In context, PCI-SIG has previously kept to a four year cadence for PCIe 1.0 (2003), PCIe 2.0 (2006), and PCIe 3.0 (2010). In regards to the seven year delay, PCI-SIG noted that PCIe 3.0 provided sufficient bandwidth for some time before the developments and rising demands of AI compute workloads, PCIe NVMe and 3D XPoint storage, and networking speeds, particularly as 10GbE becomes more and more accessible to consumers. For compute GPUs, the bandwidth limitations of PCIe 3.0 had already driven NVIDIA in developing their proprietary NVLink interconnect. Consequently, with PCIe 4.0 and beyond, the PCI-SIG is looking to get back towards a more normal cadence, especially as they've now resolved some of the major technical hurdles in enabling faster transfer rates via the PCIe 4.0 standard.

The other aspect is the nature of the organization. PCI-SIG has almost 800 member companies, from which they annually elect a board of directors; for 2017-2018, the Board includes members from AMD, Intel, and NVIDIA. In developing and maintaining the open PCI specifications, members collaborate in committees and technical workgroups, submitting and reviewing specification changes.

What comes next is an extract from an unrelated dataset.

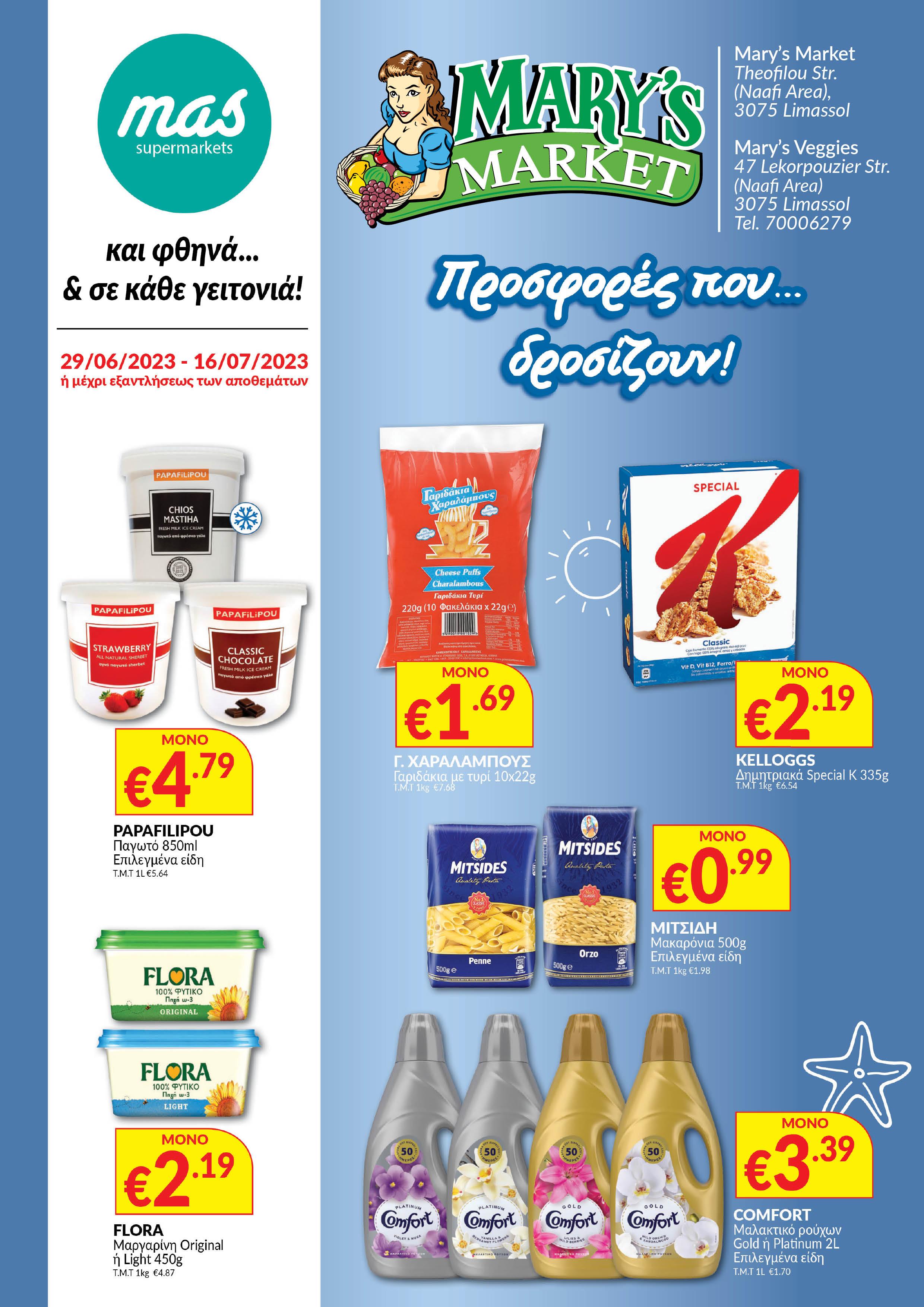 Οι προσφορές του φυλλαδίου ισχύουν μόνο στην Υπεραγορά mas που το όνομα της αναγράφεται στο εξώφυλλο. Η ένδειξη “σε επιλεγμένα είδη” εννοεί τα είδη που διαθέτει η υπεραγορά που αναφέρεται το όνομα της στο εξώφυλλο. * Τ.Μ.Τ: Τελική μοναδιαία τιμή supermarkets €3.29 € 3.89 ΥΠΕΡ-ΠΡΟΣΦΟΡΑ MR. GRAND Ρολό κουζίνας decor 72m Τ.Μ.Τ 1m €0.05 €1.75 € 2.09 ΥΠΕΡ-ΠΡΟΣΦΟΡΑ MR. GRAND Τονοσαλάτα καλαμπόκι ή μεξικάνα 160g Τ.Μ.Τ 1kg €10.94 €1.49 € 1.79 ΥΠΕΡ-ΠΡΟΣΦΟΡΑ MAS BEST BRAND Χαρτοπετσέτες 1Ply 33x33cm 140 τεμάχια Τ.Μ.Τ 1 τεμάχιο €0.01 €4.09 € 4.99 ΥΠΕΡ-ΠΡΟΣΦΟΡΑ MAS BEST BRAND Χαρτί υγείας 3Ply 218.4m Τ.Μ.Τ 1m €0.02 €2.99 € 3.69 ΥΠΕΡ-ΠΡΟΣΦΟΡΑ MR. GRAND Καλαμπόκι 1kg €2.49 € 2.99 ΥΠΕΡ-ΠΡΟΣΦΟΡΑ MR. GRAND Λαχανικά ανάμικτα ή αρακάς 1kg €1.35

Part of PCI-SIG’s recent work is in streamlining in this process.

Once the specifications are finalized, members must have products pass interoperability and compliance tests at one of PCI-SIG’s many Compliance Workshops throughout the year, in order for the product to be added to the Integrators List, which OEMs and system integrators use in choosing hardware. For PCIe 4.0, PCI-SIG offered pre-publication Compliance Workshops for the first time, utilizing the earlier revision 0.9, but only at a preliminary “FYI Testing” level. For the rest of the year, PCI-SIG will offer PCIe 4.0 FYI Testing at Compliance Workshops; for the time being, PCIe 4.0 is not listed on either the official Compliance Program and Integrators List.

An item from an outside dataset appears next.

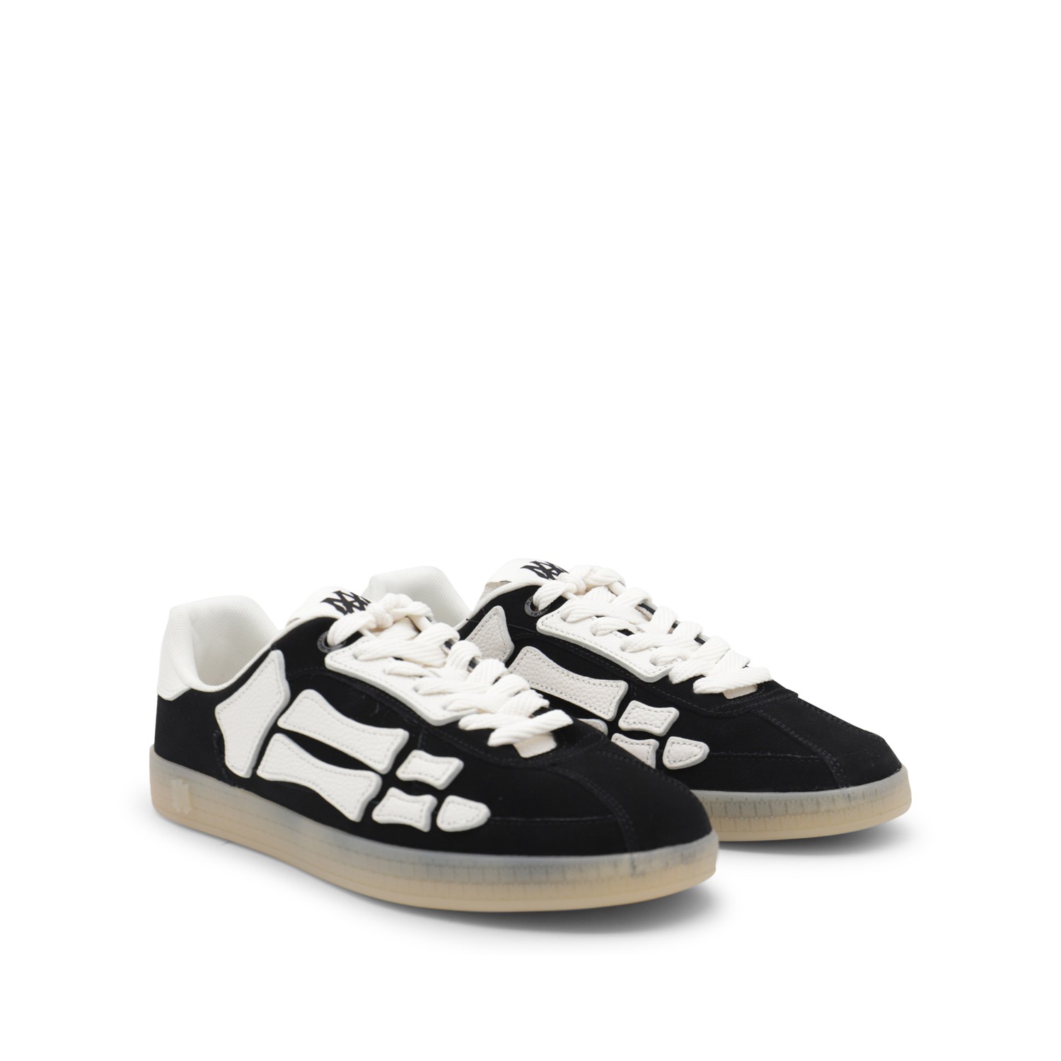 Black and white leather Pacific Bones sneakers from Amiri featuring round toe, front lace-up fastening, branded insole, logo patch at the tongue and flat rubber sole.

Like the previous PCIe iterations, PCIe 4.0 features backwards compatibility, and PCIe 1.x, 2.x, and 3.x cards will fit PCIe 4.0 slots and operate normally. PCIe 4.0 also maintains PCIe 3.0’s 128b/130b encoding, which will continue to be used in PCIe 5.0.

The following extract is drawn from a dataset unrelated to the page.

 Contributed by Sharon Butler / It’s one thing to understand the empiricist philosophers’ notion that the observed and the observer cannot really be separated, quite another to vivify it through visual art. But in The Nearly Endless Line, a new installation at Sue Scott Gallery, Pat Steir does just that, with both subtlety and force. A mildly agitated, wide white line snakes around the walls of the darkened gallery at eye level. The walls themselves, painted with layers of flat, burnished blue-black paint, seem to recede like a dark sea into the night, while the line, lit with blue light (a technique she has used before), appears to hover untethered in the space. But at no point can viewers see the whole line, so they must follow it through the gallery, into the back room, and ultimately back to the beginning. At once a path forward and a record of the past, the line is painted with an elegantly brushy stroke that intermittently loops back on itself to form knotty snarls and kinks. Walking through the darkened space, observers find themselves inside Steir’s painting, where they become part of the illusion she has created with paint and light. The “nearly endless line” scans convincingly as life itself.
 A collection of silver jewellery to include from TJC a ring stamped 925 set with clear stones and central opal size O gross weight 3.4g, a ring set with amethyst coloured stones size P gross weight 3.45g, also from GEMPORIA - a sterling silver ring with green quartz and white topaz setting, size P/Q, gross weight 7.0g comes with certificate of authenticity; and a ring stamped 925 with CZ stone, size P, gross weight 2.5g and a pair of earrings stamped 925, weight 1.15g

Among the other improvements, several features are more relevant for designers and developers than end users. As data rates increase, performance variation rises and signal integrity degrades. With that in mind, PCIe 4.0 brings lane margining at the PHY receiver, where the PCIe controller obtains electrical margin information of each PCIe lane in order to measure variation tolerance. PCIe 4.0 also has extended tags and credits, features that work together to mask latency and promote full bandwidth saturation. Other improvements include overall reduced system latency, I/O virtualization and platform integration, and added lanes/bandwitdth scalability, as well as enhanced Reliability, Availability, Serviceability (RAS) capabilities.

While gaming graphics cards are the most visible PCIe device to consumers, additional PCIe bandwidth overhead is unlikely to affect gaming performance, at least right away. However given the limited amount of PCIe bandwidth available with most consumer CPUs - just 16 general purpose lanes from the CPU with another 4 lanes for the chipset - this will also go a long way towards easing the pressure that the combination of GPUs, NVMe SSDs, and 10GigE networking can place on system I/O bandwidth. What may also be relevant is increased power capability from the secondary connectors, but at this point there are no further details, and a PCIe 4.0 Electromechanical Specification has not been disclosed.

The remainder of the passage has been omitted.